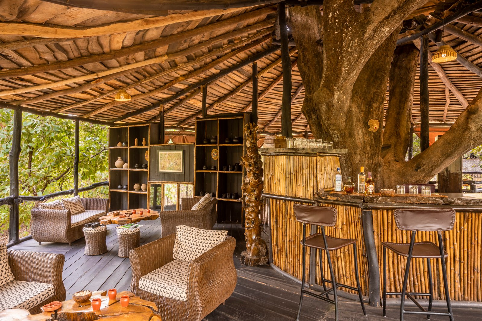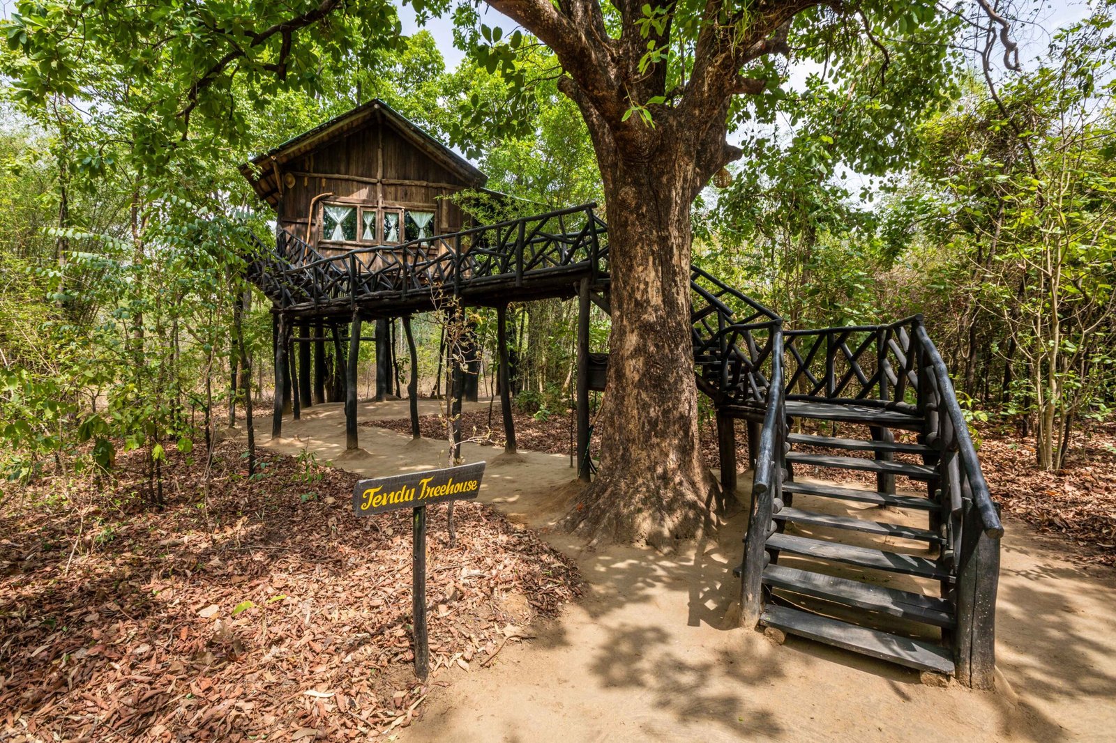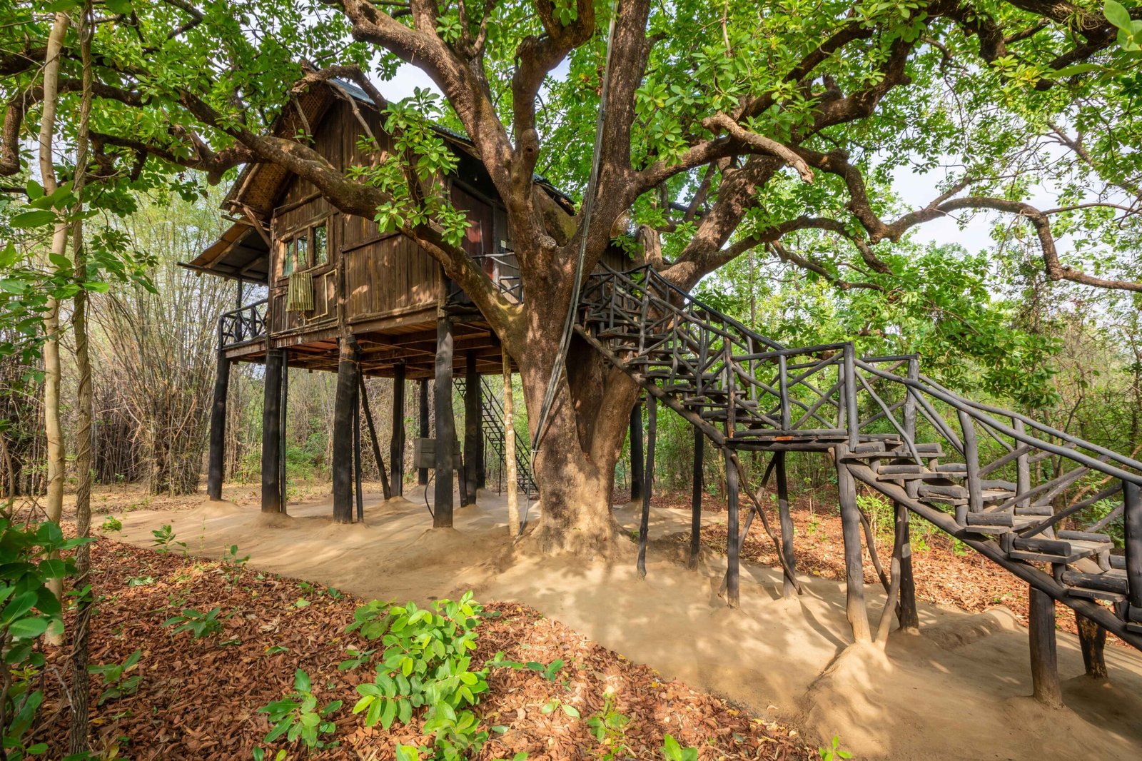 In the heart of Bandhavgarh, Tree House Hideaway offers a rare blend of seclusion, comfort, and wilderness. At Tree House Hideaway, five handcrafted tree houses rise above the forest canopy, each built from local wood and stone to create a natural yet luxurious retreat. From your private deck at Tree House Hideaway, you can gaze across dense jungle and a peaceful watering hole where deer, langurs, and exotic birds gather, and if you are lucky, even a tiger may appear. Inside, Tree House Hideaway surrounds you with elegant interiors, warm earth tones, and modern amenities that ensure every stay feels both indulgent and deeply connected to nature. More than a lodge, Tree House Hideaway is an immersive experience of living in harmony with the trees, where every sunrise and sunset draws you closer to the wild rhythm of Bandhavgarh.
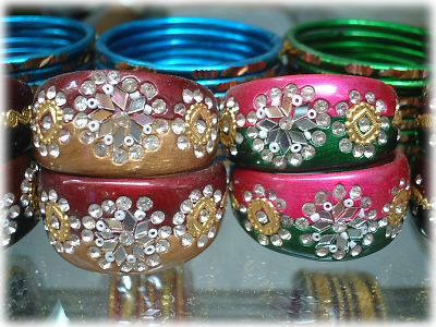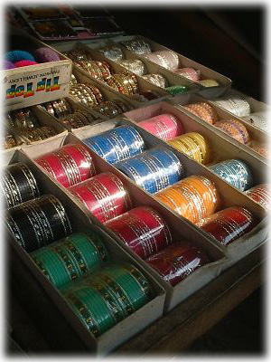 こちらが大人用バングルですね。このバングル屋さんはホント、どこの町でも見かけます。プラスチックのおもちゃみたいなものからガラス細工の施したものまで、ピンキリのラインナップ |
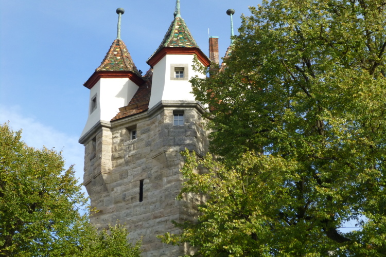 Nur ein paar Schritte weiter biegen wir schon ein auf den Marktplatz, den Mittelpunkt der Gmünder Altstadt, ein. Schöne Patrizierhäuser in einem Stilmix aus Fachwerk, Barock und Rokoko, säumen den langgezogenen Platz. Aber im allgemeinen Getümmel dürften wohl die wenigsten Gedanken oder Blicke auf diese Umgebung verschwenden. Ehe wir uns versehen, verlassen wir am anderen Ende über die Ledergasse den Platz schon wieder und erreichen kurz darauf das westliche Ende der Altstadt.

--

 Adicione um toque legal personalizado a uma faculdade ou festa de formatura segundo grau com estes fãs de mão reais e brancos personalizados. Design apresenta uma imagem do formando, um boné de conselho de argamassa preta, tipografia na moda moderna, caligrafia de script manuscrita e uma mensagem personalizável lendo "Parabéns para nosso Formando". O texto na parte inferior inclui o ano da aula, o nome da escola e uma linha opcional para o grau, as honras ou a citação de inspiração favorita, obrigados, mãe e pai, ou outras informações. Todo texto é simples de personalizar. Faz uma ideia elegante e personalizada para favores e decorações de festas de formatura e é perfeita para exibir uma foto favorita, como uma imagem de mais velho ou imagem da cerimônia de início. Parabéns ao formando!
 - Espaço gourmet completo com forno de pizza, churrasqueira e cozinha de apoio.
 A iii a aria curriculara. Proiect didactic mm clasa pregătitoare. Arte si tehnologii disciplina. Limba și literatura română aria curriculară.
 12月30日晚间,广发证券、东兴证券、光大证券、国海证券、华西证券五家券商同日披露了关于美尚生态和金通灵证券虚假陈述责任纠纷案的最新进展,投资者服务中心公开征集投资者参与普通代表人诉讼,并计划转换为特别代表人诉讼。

• _TASK DIRECTIONS_:
From the records above, copy only the lines running from the line holding "In the heart" through the line holding "Nur ein paar", with no pictures.

• _WRITTEN ANSWER_:
 In the heart of Bandhavgarh, Tree House Hideaway offers a rare blend of seclusion, comfort, and wilderness. At Tree House Hideaway, five handcrafted tree houses rise above the forest canopy, each built from local wood and stone to create a natural yet luxurious retreat. From your private deck at Tree House Hideaway, you can gaze across dense jungle and a peaceful watering hole where deer, langurs, and exotic birds gather, and if you are lucky, even a tiger may appear. Inside, Tree House Hideaway surrounds you with elegant interiors, warm earth tones, and modern amenities that ensure every stay feels both indulgent and deeply connected to nature. More than a lodge, Tree House Hideaway is an immersive experience of living in harmony with the trees, where every sunrise and sunset draws you closer to the wild rhythm of Bandhavgarh.
 こちらが大人用バングルですね。このバングル屋さんはホント、どこの町でも見かけます。プラスチックのおもちゃみたいなものからガラス細工の施したものまで、ピンキリのラインナップ |
 Nur ein paar Schritte weiter biegen wir schon ein auf den Marktplatz, den Mittelpunkt der Gmünder Altstadt, ein. Schöne Patrizierhäuser in einem Stilmix aus Fachwerk, Barock und Rokoko, säumen den langgezogenen Platz. Aber im allgemeinen Getümmel dürften wohl die wenigsten Gedanken oder Blicke auf diese Umgebung verschwenden. Ehe wir uns versehen, verlassen wir am anderen Ende über die Ledergasse den Platz schon wieder und erreichen kurz darauf das westliche Ende der Altstadt.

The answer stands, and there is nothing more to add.